So, while that may have seem insignificant and the least of anyone's worries, it's a big deal to me especially as I have given everything up for school.

My mom told me to write down five things that I am grateful for to cheer myself up and to put things in perspective:

1. My family - so lucky to even have a family
2. My apartment
3. My health
4. My education - even though its the bane
of my existence at the moment
5. My boyfriend - he's a sweetheart

Well...I still feel like crap, but I'll get over it, I just have to muster up the strength to get back into the library and convince myself that I can finish out the semester strong. Fingers crossed.

Sunday, November 28, 2010

November Udate

So things in life are...swell.

Nothing REALLY to complain about. I am dating a wonderful man, am getting A's in all my classes (fairly positive), and am doing a great job handling all of my responsibilities(work, internship, school).

Something is missing though. Just not content.

This morning I listened to a really wonderful program on NPR about happiness. This man travels all over the world to figure out what components go into making people happy. It was an extremely interesting program. Unfortunately, many of the things he listed as contributing to happiness were not things that I partake in. This has prompted me to try and get into doing some of these things. I'll let you read the article/listen to the story for yourself (i recommend listening to the story as there is much more information in it than supplied in the article), but either way it is really wonderful - take a gander & enjoy!

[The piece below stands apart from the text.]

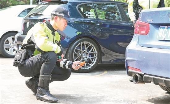 掌握了车牌和出行规律,整治组立即展开行动。3月2日上午,打假高手齐警官提前来到明珠路上冲路段蹲点,其他民警在沿线巡逻。大约11时半,巡逻交警在明珠路上冲医院路段时听到一阵低沉有力的排气管轰鸣声。交警立即控制车流,远远看见有辆黑色小车正在掉头。

http://www.npr.org/2010/11/24/131571885/how-to-thrive-dan-buettner-s-secrets-of-happiness

Sunday, November 21, 2010

Out of Complete Boredom

I think I'll be updating more often.

Friday, May 21, 2010

Walk In My Shoes

Outfit I am currently LOVING:
baby doll black detail blouse, moss green corduroys, Tory Burch flats.

Perfect mix of everything I like in an outfit with a casual twist :)


Tuesday, May 18, 2010

Isolation

RIP Ian Curtis
May 18th, 1980

Saturday, April 24, 2010

Moi Je Joue

I absolutely adore this video. Brigitte Bardot's music makes me feel like running around Paris just like this girl.


Friday, April 23, 2010

Good Weather

...makes me want to lounge around with my balcony door open reading a book...which is what I'm doing today!

Monday, April 19, 2010

Thank You!

Thank you everyone for writing a bit about yourselves in my last post! It helps to make us not all feel like complete strangers.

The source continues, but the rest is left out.